Figure 2 shows the spectral reflectance of the six-collected endmembers in different colors. Blue corresponds to maize plantations, cyan on the other hand corresponds to sugarcane whereas yellow is for mango trees. Magenta is representing agro-forestry, green for bananas and finally the avocados are represented by red color. Spectral Angle Mapper (SAM) is a physically-based spectral classification that uses an n-D angle to match pixels to reference spectra. It assumes that data have been reduced to apparent reflectance (true reflectance multiplied by some unknown gain factor controlled by topography and shadows). The algorithm determines the spectral similarity between two spectra by calculating the angle between them as vectors in a space with dimensionality equal to the number of bands (n). This technique, when used on calibrated reflectance data, is relatively insensitive to illumination and albedo effects. Endmember spectra used by SAM can come from ASCII files or spectral libraries, or one can extract them directly from an image (as ROI average spectra). SAM compares the angle between the endmember spectrum vector and each pixel vector in n-D space. Smaller angles represent closer matches to the reference spectrum. The result is a classification image showing the best match. Pixels further away than the specified maximum angle threshold in radians are not classified [8-10]. SAM was used to classify the selected crop species in Taita hills. The spectral angle of dissimilarity was kept at 0.1 radians (Table 1).
Classes | Classification | Accuracy Assessment | Total |
---|---|---|---|
Bananas | 12 | 3 | 15 |
Trees | 5 | 2 | 7 |
Mangoes | 39 | 9 | 48 |
Sugarcane | 5 | 2 | 7 |
Avocado | 39 | 8 | 47 |
Maize | 18 | 6 | 24 |
Table 1: Number of samples used for classification and accuracy assessment.
Results
Spectral map relates to the spectrum that is generated from the end members selected. After classification, the classified map was linked to the color infra-red image that was used to extract the spectra. A visual analysis was done. Most of the features were classified such as maize plantations, trees and sugarcane. The color representation of the data was similar to the color scheme in Figure 3. Accuracy assessment gave an overall accuracy of 77% and kappa of 0.67. Table 2 shows the contingency matrix. The values are the number of pixels classified in every class from the total pixels that were used in the classification process.
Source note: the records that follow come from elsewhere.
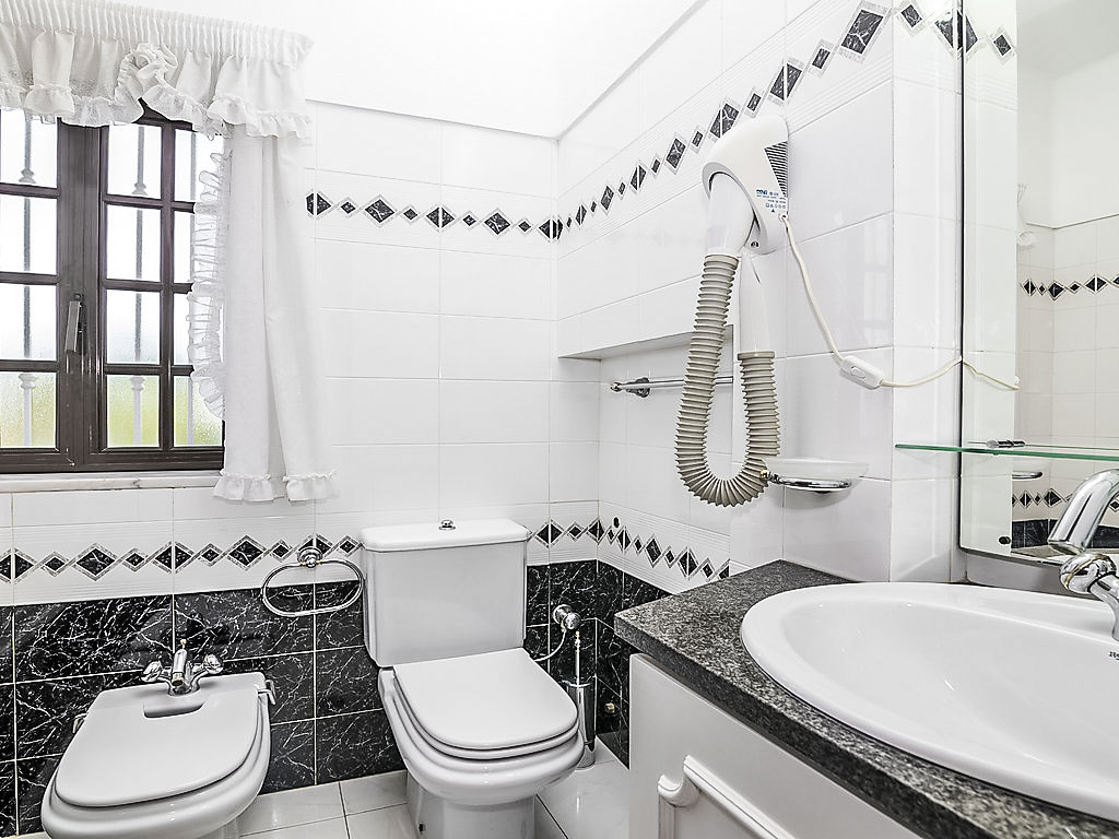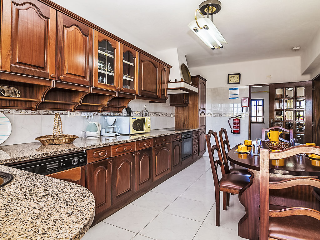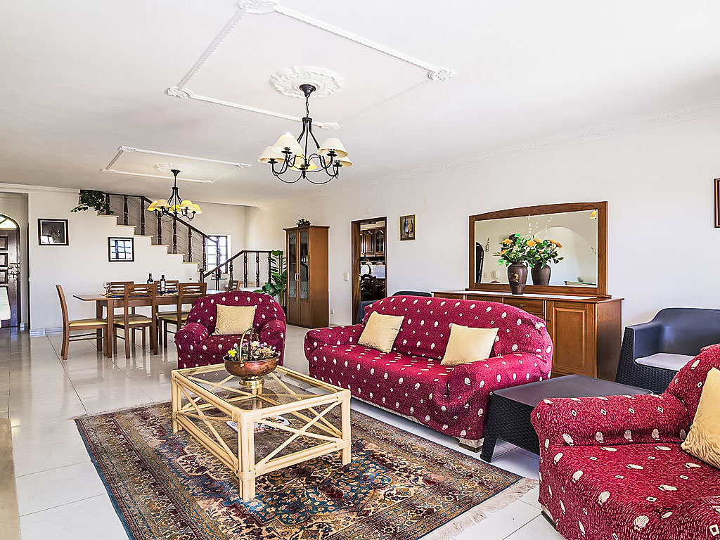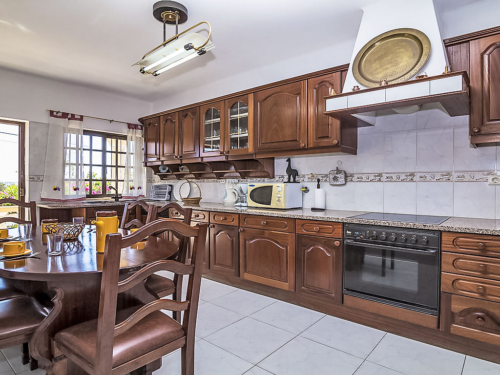 "Villa Quinta do Sol", 5-Zimmer-Villa 344 m2 auf 2 Stockwerken. Objekt geeignet für 8 Erwachsene. Sehr komfortabel und gemütlich eingerichtet: offenes Wohn-/Esszimmer mit offenem Kamin, Esstisch und Sat-TV (Flachbildschirm). Ausgang zur Terrasse. 1 Zimmer mit 2 Betten. Küche (Backofen, Geschirrspüler, 4 Glaskeramikherd Platten, Mikrowelle) mit Esstisch. Bad/WC, Dusche/WC. Obergeschoss: 2 Zimmer, jedes Zimmer mit 1 franz. Bett. 1 Zimmer mit 2 Betten. Bad/WC, Dusche/WC. Komfortable Einrichtung im Landhausstil. Terrassenmöbel, Gartengrill, Liegestühle (8). Seitliche Sicht auf das Meer, die Berge und die Landschaft. Zur Verfügung: Waschmaschine, Babybett bis 3 Jahre, Haartrockner. Geeignet für Familien. AL/9456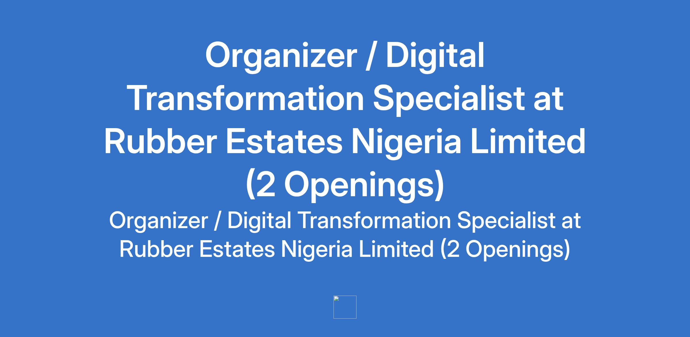 Rubber Estates Nigeria Limited is recruiting to fill the position of: Organizer / Digital Transformation Specialist. The position is located in Araromi, Obu Odigbo LGA - Ondo and Edo States. Interested candidates should possess a B.Eng. / BSc Degree in Engineering / Sciences with a minimum of 3 years experience in a similar role.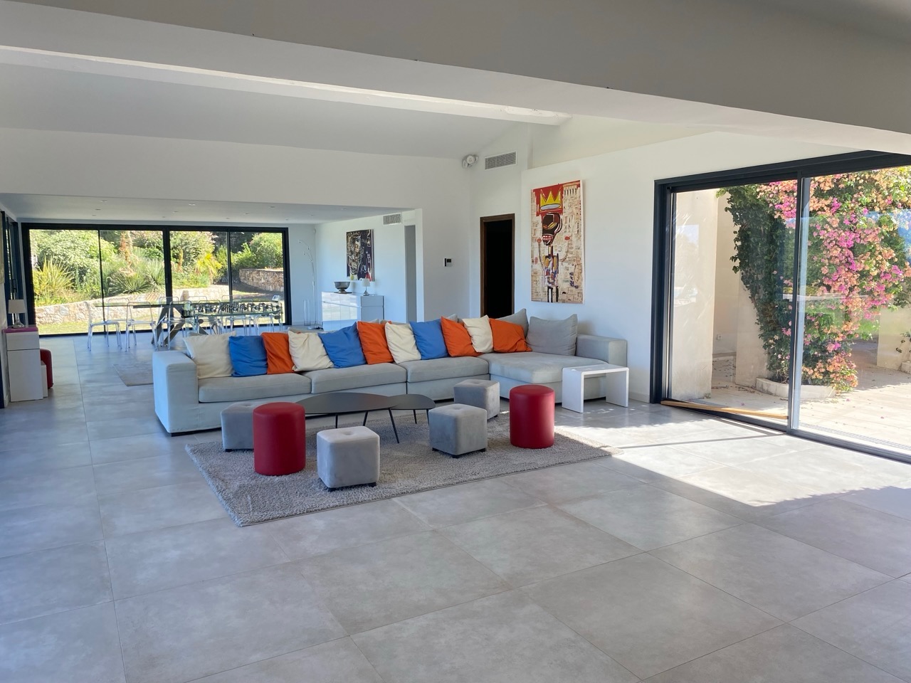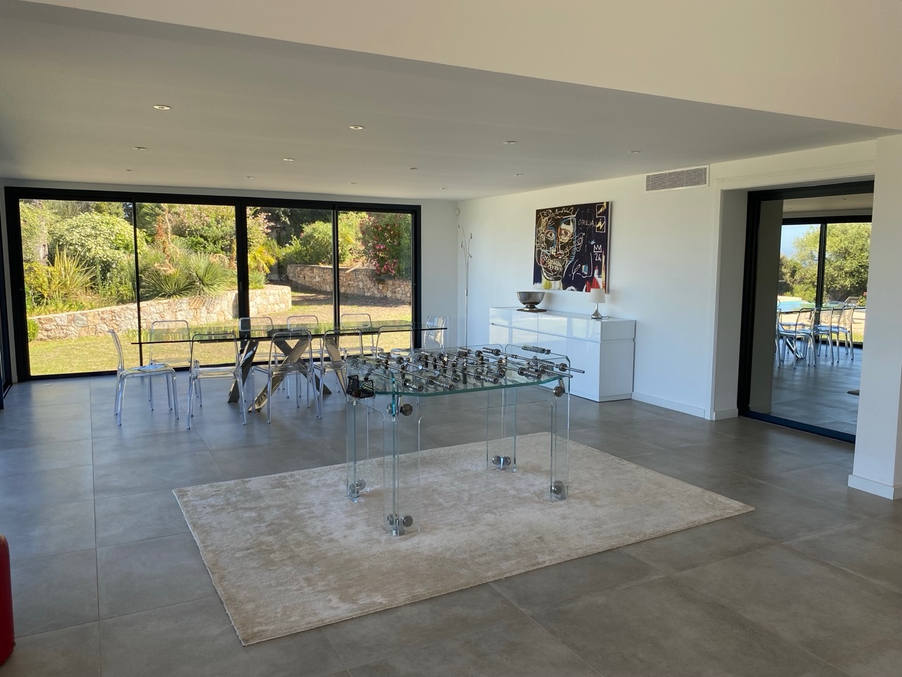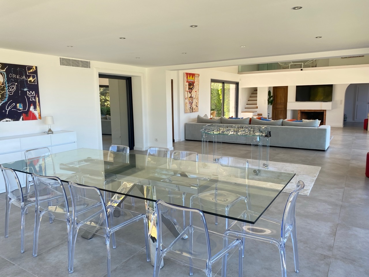 L’architecture ouverte de la villa privilégie la lumière et la transparence, avec une vaste pièce de vie baignée de lumière accueille un élégant salon et une salle à manger ouvrant sur l’extérieur, dans une parfaite harmonie dedans/dehors. Une cuisine professionnelle, prolongée d’une arrière-cuisine discrète.

Reference (Polygons) | ||||||||
---|---|---|---|---|---|---|---|---|
Classified | Others | Trees | Avocado | Banana | Maize | Mango | Sugar | Total |
Map | ||||||||
Others | 78 | 0 | 0 | 0 | 0 | 0 | 0 | 78 |
Trees | 0 | 0 | 6 | 2 | 0 | 0 | 0 | 8 |
Avocado | 0 | 1 | 0 | 3 | 0 | 0 | 0 | 5 |
Banana | 0 | 1 | 0 | 4 | 0 | 3 | 0 | 8 |
Maize | 0 | 0 | 0 | 0 | 5 | 0 | 5 | 10 |
Mango | 0 | 3 | 1 | 0 | 0 | 23 | 0 | 26 |
Sugar | 0 | 0 | 0 | 0 | 4 | 2 | 7 | 13 |
Total | 78 | 5 | 7 | 9 | 9 | 28 | 12 | 148 |
Table 2: Confusion matrix of the classification
Many pixels though are seen to be unclassified, indicated on the Table 2 as others. Producer's and user's accuracies were also tabulated, (Table 3). The trees and avocadoes were poorly classified in the final map. Trees had some similar spectra to some crops, and the major crop here was the avocado. This ended up with a misclassification of avocado species for trees. The selection of tree samples was achieved from forest patches from aerial mosaic in which there exists various species of trees however the training samples were very few (Figure 4).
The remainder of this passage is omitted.